**EXERCISE:** When you return the data, keep every word exact and include none of the images.

**DATA PROVIDED:**
▼

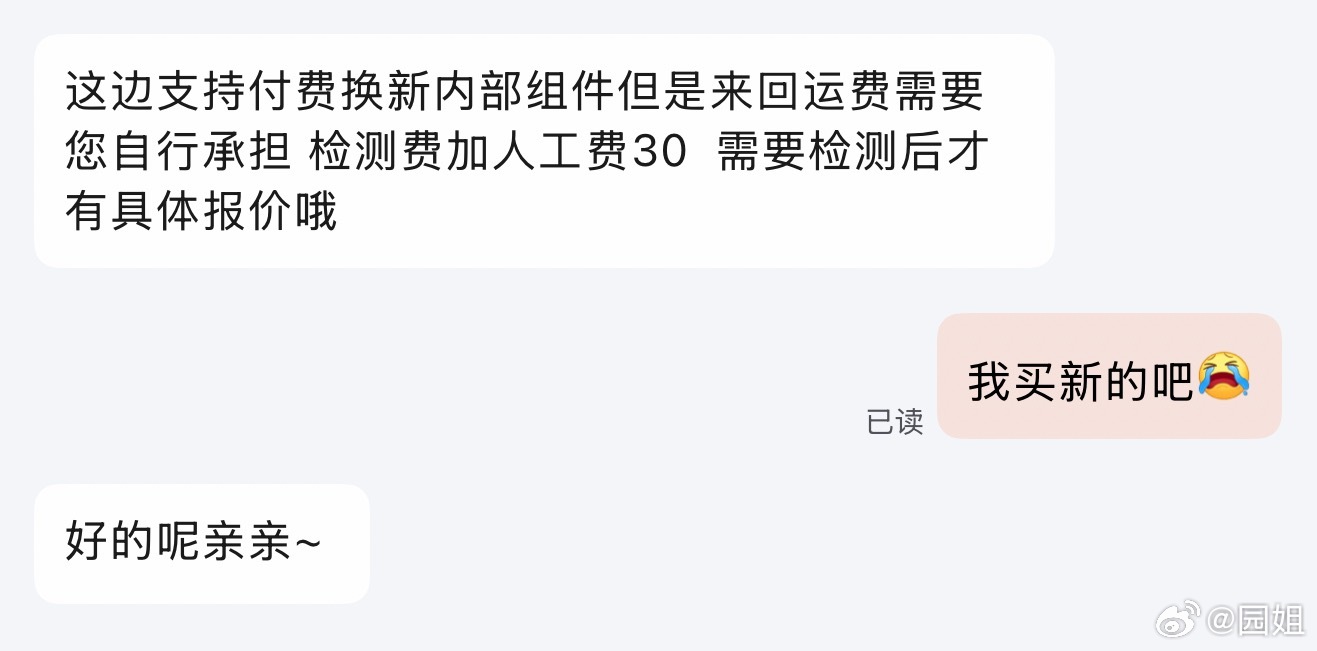笑死,这条没有吐槽意思哈,本来我买的这个产品已经过保了,就是感觉有意思,之前36买的小浪饮水机抽水泵,用了快四年坏了,我本来想去问问是不是还在保,他们说保一年,那就没办法了,不过他说可以维修,运费自付+30人工费,我看了一下新的价格,我还是买一个吧
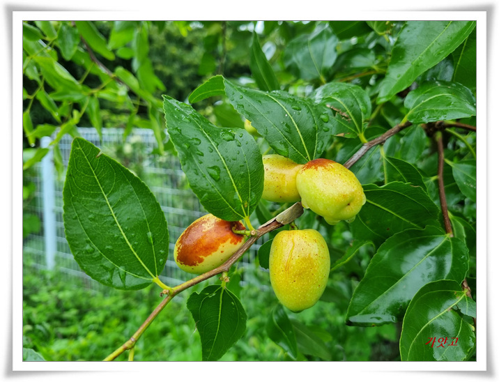 대추가 비 맞으며 제법 볼을 붉혔어요
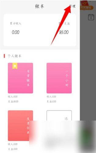 左侧会显示账本列表界面,点击上方的“管理”按钮。
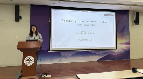 第三位汇报者是2022级硕士研究生陈恺悦,本次汇报的文章发表在The New England Journal of Medicine杂志上,文章题目为“Weight Loss in Underserved Patients—A Cluster-Randomized Trial”。本文研究目的是探讨在服务不足人群(低收入,教育水平受限制)实施密集化生活方式干预与常规护理相比是否可以达到更明显体重减轻的效果。研究结果显示,高强度的密集化生活方式干预使绝大多数患者减轻原有体重5%的重量,且干预效益维持到了第24个月,并伴有部分生活质量测量指标的升高。因此可以采用密集化生活方式干预来解决服务不足人群的肥胖问题,提高健康水平,降低肥胖相关性疾病的发生率(如2型糖尿病、高血压、心血管疾病),具有很大的现实意义。

▲

**FINAL ANSWER:**
笑死,这条没有吐槽意思哈,本来我买的这个产品已经过保了,就是感觉有意思,之前36买的小浪饮水机抽水泵,用了快四年坏了,我本来想去问问是不是还在保,他们说保一年,那就没办法了,不过他说可以维修,运费自付+30人工费,我看了一下新的价格,我还是买一个吧
 대추가 비 맞으며 제법 볼을 붉혔어요
 左侧会显示账本列表界面,点击上方的“管理”按钮。
 第三位汇报者是2022级硕士研究生陈恺悦,本次汇报的文章发表在The New England Journal of Medicine杂志上,文章题目为“Weight Loss in Underserved Patients—A Cluster-Randomized Trial”。本文研究目的是探讨在服务不足人群(低收入,教育水平受限制)实施密集化生活方式干预与常规护理相比是否可以达到更明显体重减轻的效果。研究结果显示,高强度的密集化生活方式干预使绝大多数患者减轻原有体重5%的重量,且干预效益维持到了第24个月,并伴有部分生活质量测量指标的升高。因此可以采用密集化生活方式干预来解决服务不足人群的肥胖问题,提高健康水平,降低肥胖相关性疾病的发生率(如2型糖尿病、高血压、心血管疾病),具有很大的现实意义。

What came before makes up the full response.